Revisiting Graph based Collaborative Filtering: A Linear Residual Graph Convolutional Network Approach (2001.10167v1)

Abstract: Graph Convolutional Networks (GCNs) are state-of-the-art graph based representation learning models by iteratively stacking multiple layers of convolution aggregation operations and non-linear activation operations. Recently, in Collaborative Filtering (CF) based Recommender Systems (RS), by treating the user-item interaction behavior as a bipartite graph, some researchers model higher-layer collaborative signals with GCNs. These GCN based recommender models show superior performance compared to traditional works. However, these models suffer from training difficulty with non-linear activations for large user-item graphs. Besides, most GCN based models could not model deeper layers due to the over smoothing effect with the graph convolution operation. In this paper, we revisit GCN based CF models from two aspects. First, we empirically show that removing non-linearities would enhance recommendation performance, which is consistent with the theories in simple graph convolutional networks. Second, we propose a residual network structure that is specifically designed for CF with user-item interaction modeling, which alleviates the over smoothing problem in graph convolution aggregation operation with sparse user-item interaction data. The proposed model is a linear model and it is easy to train, scale to large datasets, and yield better efficiency and effectiveness on two real datasets. We publish the source code at https://github.com/newlei/LRGCCF.

Revisiting Graph Based Collaborative Filtering: A Linear Residual Graph Convolutional Network Approach

This paper presents a novel approach to enhance graph-based collaborative filtering models by addressing inherent limitations of Graph Convolutional Networks (GCNs) in recommender systems. The work focuses on two major challenges: the unnecessary complexity introduced by non-linear transformations in GCNs, and the over-smoothing effect observed when stacking more layers in the network.

Key Contributions

The authors propose a Linear Residual Graph Convolutional Network (LR-GCCF) model that offers significant improvements over existing GCN-based models in collaborative filtering (CF) settings. This model introduces two critical innovations:

1. Linear Embedding Propagation: The paper removes non-linear transformations traditionally used in GCNs. This simplification aligns with recent theories in graph convolution, which indicate that non-linearities are not essential for capturing collaborative signals effectively. The linear model becomes easier to train and can scale efficiently to large datasets, resolving both complexity and scalability issues prevalent in previous GCN-based models.
2. Residual Preference Prediction: Inspired by architectural principles from ResNet in CNNs, this research incorporates a residual learning framework to address the over-smoothing issue. By accumulating user-item interaction signals in a residual fashion across layers, LR-GCCF maintains user-specific unique characteristics while benefiting from high-order collaborative signals. This results in more robust modeling of user preferences without sacrificing diversity.

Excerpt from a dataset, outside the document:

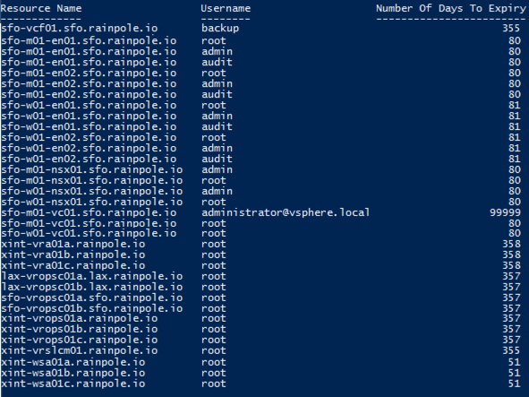Within a VMware Cloud Foundation instance, SDDC Manager is used to manage the lifecycle of passwords (or credentials). While we provide the ability to rotate (either scheduled or manually) currently there is no easy way to check when a particular password is due to expire, which can lead to appliance root passwords expiring, which will cause all sorts of issues. The ability to monitor expiry is something that is being worked on, but as a stop gap I put together the script below which leverages PowerVCF and also a currently undocumented API for validating credentials.
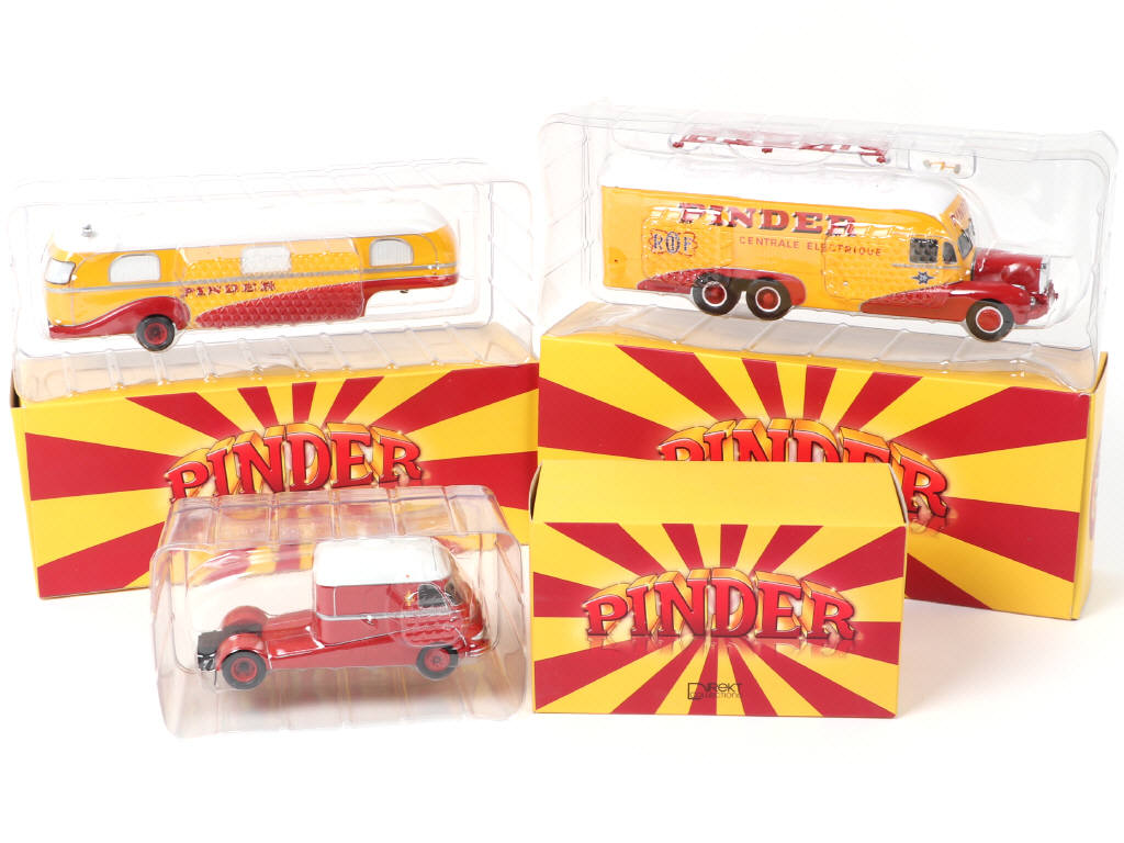 DIREKT COLLECTIONS (CH) Ensemble de 2 camions & une remorque du cirque 'PINDER' jaune & rouge

Numerical Results and Claims

The proposed LR-GCCF model demonstrated marked improvements in recommendation tasks over both classical models like BPR and existing GCN-based models, such as NGCF and PinSage. Notably, LR-GCCF achieved higher Hit Rate (HR) and Normalized Discounted Cumulative Gain (NDCG) scores on the Amazon Books and Gowalla datasets, outperforming competitors across multiple metrics. The linear propagation and residual prediction were identified as key factors driving these improvements. The paper highlighted comparable or superior efficacy even with fewer computational demands, indicating that simpler models are not only sufficient but beneficial in application.

Theoretical and Practical Implications

Theoretically, this work challenges the assumption that non-linear transformations are necessary in GCNs for recommendation tasks. It posits that linearity, when combined with residual learning, can effectively capture and propagate collaborative signals. Practically, the reduced complexity and computational requirements of the LR-GCCF model make it feasible for large-scale applications, potentially broadening the accessibility of advanced recommender systems.

Future Developments

Looking ahead, potential exploration could involve extending this framework to other graph-based tasks beyond recommendation, such as in domains where over-smoothing is a pertinent issue. Additionally, innovations in layer-wise aggregation strategies might further enhance the effectiveness of simpler GCN-like architectures. As research in understanding and mitigating over-smoothing in deep learning evolves, integrating these insights with linear models could unveil more efficient and scalable solutions.

In conclusion, the paper presents a substantial advancement in simplifying yet augmenting GCN-based collaborative filtering models. By strategically addressing complexity and smoothing challenges, LR-GCCF emerges as a strong contender among modern recommender systems, paving a path for future research and application enhancements in graph-based learning contexts.